WHAT TO WORK ON: Could you set down exactly the lines in the records below between the line holding "I tried the" and the line holding "A Chinese contemporary", inclusive?

ENTRIES SHOWN:
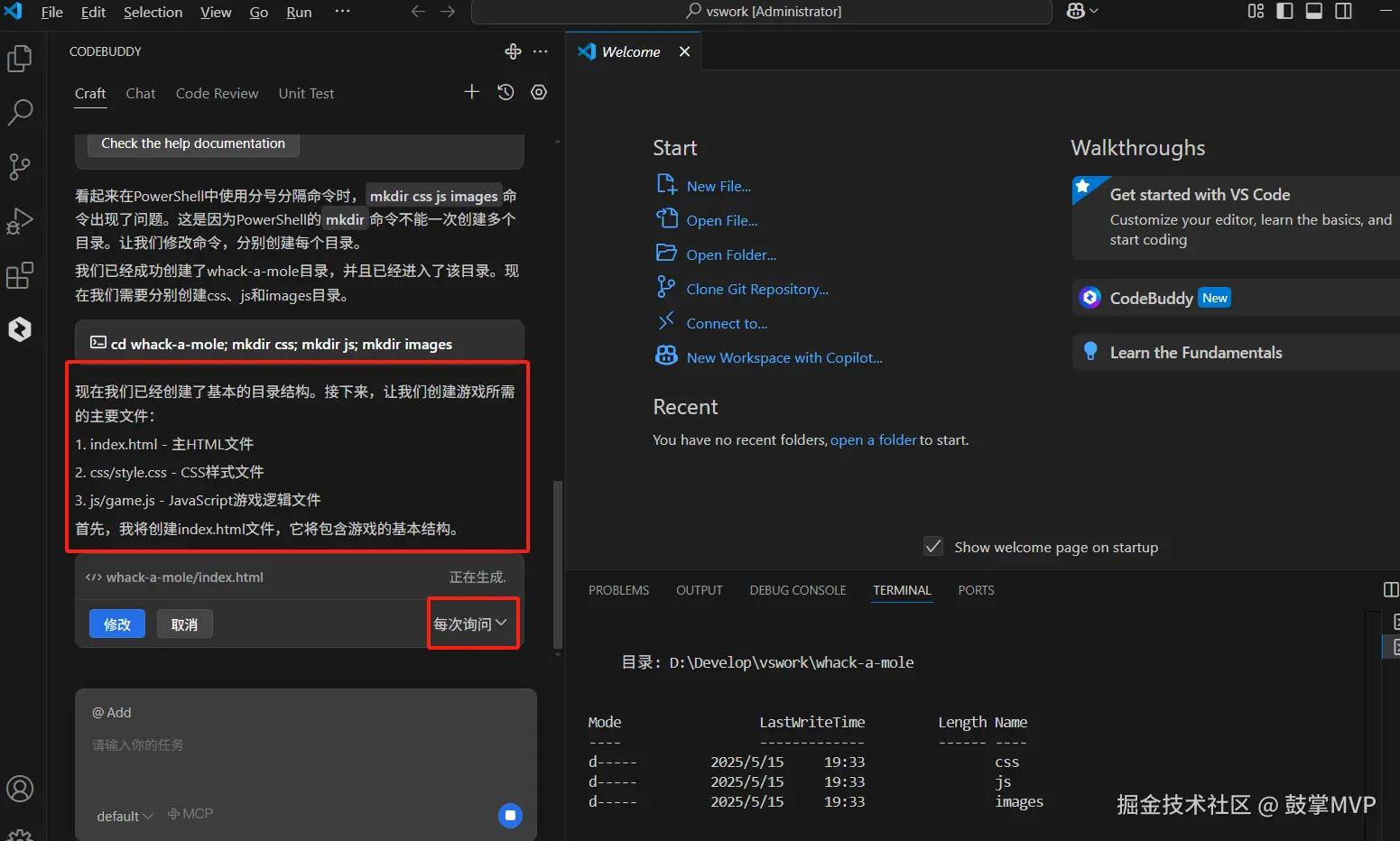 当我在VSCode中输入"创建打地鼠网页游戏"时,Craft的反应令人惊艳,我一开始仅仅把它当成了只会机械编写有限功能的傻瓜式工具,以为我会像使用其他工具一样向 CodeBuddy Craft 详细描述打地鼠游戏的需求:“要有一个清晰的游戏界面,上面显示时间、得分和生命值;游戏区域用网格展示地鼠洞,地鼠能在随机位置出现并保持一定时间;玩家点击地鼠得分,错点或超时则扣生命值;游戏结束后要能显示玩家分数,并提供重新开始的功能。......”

...

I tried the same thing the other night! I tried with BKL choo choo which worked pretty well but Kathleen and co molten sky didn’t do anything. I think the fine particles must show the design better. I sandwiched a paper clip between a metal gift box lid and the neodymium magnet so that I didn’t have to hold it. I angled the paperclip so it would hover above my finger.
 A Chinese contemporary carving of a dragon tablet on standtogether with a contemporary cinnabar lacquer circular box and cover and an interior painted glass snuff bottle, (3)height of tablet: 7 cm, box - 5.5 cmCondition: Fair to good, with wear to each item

...

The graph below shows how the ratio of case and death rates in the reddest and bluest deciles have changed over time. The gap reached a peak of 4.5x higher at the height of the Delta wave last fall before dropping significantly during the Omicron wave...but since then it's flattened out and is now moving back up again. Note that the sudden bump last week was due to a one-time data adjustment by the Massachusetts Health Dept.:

RESPONSE:
I tried the same thing the other night! I tried with BKL choo choo which worked pretty well but Kathleen and co molten sky didn’t do anything. I think the fine particles must show the design better. I sandwiched a paper clip between a metal gift box lid and the neodymium magnet so that I didn’t have to hold it. I angled the paperclip so it would hover above my finger.
 A Chinese contemporary carving of a dragon tablet on standtogether with a contemporary cinnabar lacquer circular box and cover and an interior painted glass snuff bottle, (3)height of tablet: 7 cm, box - 5.5 cmCondition: Fair to good, with wear to each item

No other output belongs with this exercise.